問3・・・暗いのになぜ沢沿いに飛ぶことができるのか
星や月の光が水面に反射するほのかな光を頼りに飛ぶ。だから水の流れていない伏流の場所では、それより上流には飛べない。従って、伏流水より上流にはトビゲラが生息しないと言われている。

問4・・・カゲロウやカワゲラには丈夫な足があるのに、トビゲラにはなぜそのような足がないのか
カワゲラやカゲロウは、流れの速い渓流で生きるために、丈夫な足、流水抵抗を最小限に抑えられるように自分の体を変身させて進化してきた。一方、トビゲラはクモのように糸を出し、小石をつないで石裏に巣を作ることによって進化してきた。つまり、丈夫な足の代用が小石をかためて作った巣であると言える。
▲採取した川虫でイワナを釣る

 日本人の主食は米・・・イワナの主食は川虫である。川虫の入った虫取りカゴを肩に下げ、針に川虫をチョン掛けにする。警戒心の強いイワナに気付かれないようにポイントへ接近、苔生す岩に隠れて岩陰の淀みに川虫を垂直に落とす。大好物の川虫が目の前にちらつけば、イワナは、たまらず食らいつく。竿が震え、糸が鳴る・・・その野生の鼓動は、眠っていた本能を一気に呼び覚ます。その本能さえ目覚めれば、子どもといえども、次から次へとイワナを釣ることができる。
 
▲息子たちが釣ったイワナ
▲秘渓を釣る ▲川虫を餌に感激を釣る ▲中学1年「川虫の研究」
▽「川虫の研究」考察・結論・・・棲み分け理論
 ダーウィンの進化論を知らないものはいない。しかし、今西学説と言われる「棲み分け理論」を知っている人は少ない。ダーウィンの進化論は、弱肉強食の論理である。いつも競争し、勝ったものだけが生き残り進化してきたという。エコノミックアニマルと呼ばれた日本人に、最も影響を与えた理論でもある。このダーウィンの進化論と真っ向から対立する理論が、実は「棲み分け理論」なのである。

 故今西錦司博士は、卒業後の無給講師時代、趣味である山や谷を歩きながら水生昆虫の観察を行った。渓流の石ころを一つ一つ転がしながら、カゲロウの幼虫の分化を調べ、それが画期的な「棲み分け理論」の発見を生んだ。「棲み分け理論」とはどんなものか、それがなぜ画期的なのか。簡単に説明しよう。

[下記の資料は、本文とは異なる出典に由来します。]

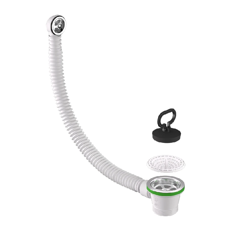 Piletta per lavello inox cucina 1"1/2 con troppopieno rotondo
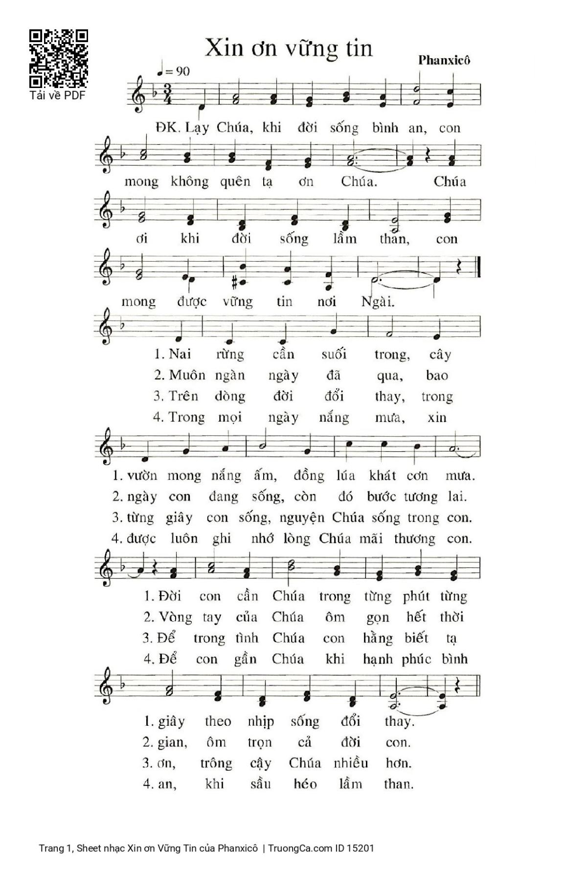 Điệp khúc. Lạy Chúa, khi đời sống bình an, con mong không quên tạ ơn Chúa. Chúa ơi, khi đời sống lầm than, con mong được vững tin nơi Ngài.

 渓流の流れを想像していただきたい。両岸は流れが緩く、中心部は流れが早い。そうした渓流の一断面に様々な形態の川虫が棲んでいる。流れの緩いところには砂が溜まっている。その砂の中には、潜るのに適した(尖った丈夫な頭の)形態をもつ埋没型の川虫が住んでいる。流れの中では、糸のように細い足と泳ぎやすい流線形をした自由遊泳型、流れの早い中心部では、石にしがみつく丈夫な足をもった潜伏型や吸盤をもち、流水の抵抗を少なくする平たい体をもっている。

 遅れて水中の中に入ってきたトビゲラは、先住者であるカゲロウなどと競争しては生きていけない。そこで、先住者が開拓していない所・・・すなわち石裏に小石をかためて巣を作る生き方を選んだ。
 狭い渓流の中で多種多様な川虫たちが、隣り合わせで共存しながら進化してきた。あるものは、生きた生物を食べ、あるものは死んだ生物あるいは落ち葉を食べて成長する。同じ場所で生きていくためには、競争することを避け、それぞれの住む場所を「棲み分け」ながら、その環境に適合するために外部形態を進化させてきたという。

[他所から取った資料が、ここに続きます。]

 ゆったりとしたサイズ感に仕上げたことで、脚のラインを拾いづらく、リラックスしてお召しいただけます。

 イワナは、他の魚が生息できない川の最上流に生息している。これも「棲み分け」の一種である。これは何も水中の中だけではない。例えば、苔は、一般の植物が利用していない場所、すなわち岩やブナの幹、風倒木といった他の生き物たちが利用していない場所に適合するように進化してきた。こうしたブナの森の「生物多様性」は、お互いに競争することを避け、棲み分けながら進化してきた結果であることが分かる。

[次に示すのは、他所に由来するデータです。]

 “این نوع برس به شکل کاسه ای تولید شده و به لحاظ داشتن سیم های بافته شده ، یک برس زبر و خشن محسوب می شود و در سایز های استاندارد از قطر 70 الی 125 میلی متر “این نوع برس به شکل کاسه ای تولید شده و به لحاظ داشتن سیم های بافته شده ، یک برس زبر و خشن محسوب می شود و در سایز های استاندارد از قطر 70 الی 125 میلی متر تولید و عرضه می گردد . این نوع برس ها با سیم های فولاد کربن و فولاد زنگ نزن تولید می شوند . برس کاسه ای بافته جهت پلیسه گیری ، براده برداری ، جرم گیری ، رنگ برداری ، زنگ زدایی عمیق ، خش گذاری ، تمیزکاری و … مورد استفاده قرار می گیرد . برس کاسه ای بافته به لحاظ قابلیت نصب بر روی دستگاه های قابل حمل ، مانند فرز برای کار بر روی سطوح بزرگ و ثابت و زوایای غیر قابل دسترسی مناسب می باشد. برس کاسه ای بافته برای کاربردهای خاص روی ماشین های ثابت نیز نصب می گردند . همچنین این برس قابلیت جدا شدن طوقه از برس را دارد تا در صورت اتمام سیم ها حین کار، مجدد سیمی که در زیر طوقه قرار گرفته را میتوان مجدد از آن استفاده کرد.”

 これを人間の社会に、当てはめると、ダーウィンの進化論は「弱肉強食の世界」であり、今西理論は「共生の世界」なのである。ここが、決定的に違う点である。

 「学問は人からではなく、自然から学べ」(今西錦司)
 「親と子のイワナ探検」は、「自然から学ぶ」最高ランクの学校である。ぜひ実践してみることをオススメしたい。